Katrien Forier

Katrien Forier

Contact

Katrien Forier
Biophotonic Imaging Group
Laboratory for General Biochemistry and Physical Pharmacy
Ghent University
Harelbekestraat 72
9000 Gent
Belgium
Tel: 0032 9 2648047 (secretary)
Tel: 0032 9 2648049 (direct)
Fax: 0032 9 2648189
E-mail: katrien.forier@UGent.be

Biography

2009–Present

PhD candidate at the lab of General Biochemistry and Physical Pharmacy of Ghent University.

2012-Present

Teaching Assistant on the subject of Physical Pharmacy (Practical exercises).

Academic years 2010-2011 and 2011-2012

Tutor for the Pharmaceutical Bachelor Test.

2004-2009

Studied Pharmaceutical sciences at the Catholic University of Leuven.  Graduated as Master of Science in Drug Development with the professional  title of pharmacist.
Master thesis subject: Improving the signal to noise ratio of a commercial surface plasmon resonance biosensor using nanoparticle and nanodisc arrays. The master thesis was a joint project between IMEC (Leuven) and the Chalmers University of Technology (Göteborg, Sweden).

Research interests

Biofilms, Cystic fibrosis, Advanced light microscopy methods, Burkholderia cepacia complex, Biophotonics, Drug Delivery, Nanotechnology, Biosensors, Surface Plasmon Resonance.

Summary of Research Project(s)

In my project, I’m trying to develop nanoparticles in such a way that they can be used to improve the treatment efficiency of pulmonary biofilm infections in cystic fibrosis patients. This is a 5-year project crammed into one sentence and I’m aware that it contains a lot of technical terms. Allow me to explain them.

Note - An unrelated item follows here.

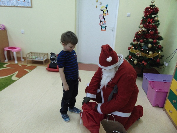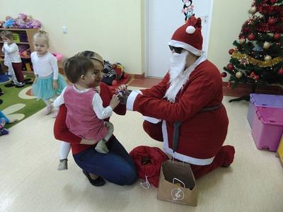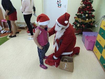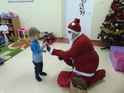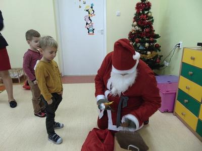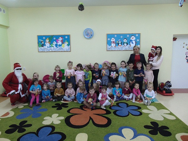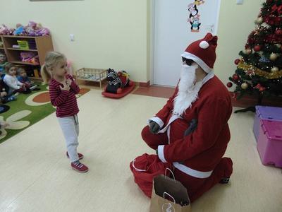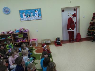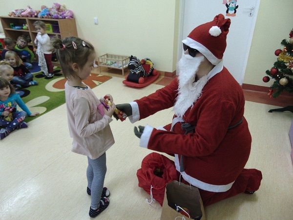 Zapach przyprowadził do nas wspaniałego gościa św. Mikołaja. Wszystkie dzieci bardzo przeżywały to spotkanie. Na niejednej twarzyczce można było zobaczyć niepewność, obawę, a nawet łezki w oczkach. Trwało to jednak krótko. Maluszki dzielnie recytowały wierszyki, opowiadały o zabawach w Klubie i oczywiście chwaliły się bardzo, że są grzeczne. Mikołaj wręczył każdemu dziecku drobny upominek i musiał się pożegnać, ponieważ czekały na niego jeszcze inne dzieci.

Cystic fibrosis (CF) is a genetic disease which causes the mucus, which is present in the respiratory- , digestive- and reproductive tract, to become thick and sticky. In the lungs, the mucociliary clearance is crucial in keeping the lungs dust and pathogen free. In CF patients, this mechanism is failing and initiates a vicious cycle of infection, inflammation and destruction of lung tissue (Figure 1). This leads to pulmonary failure and early death of the patient. Despite of all the current knowledge on this disease, the average life expectancy of these patients is about 40 years.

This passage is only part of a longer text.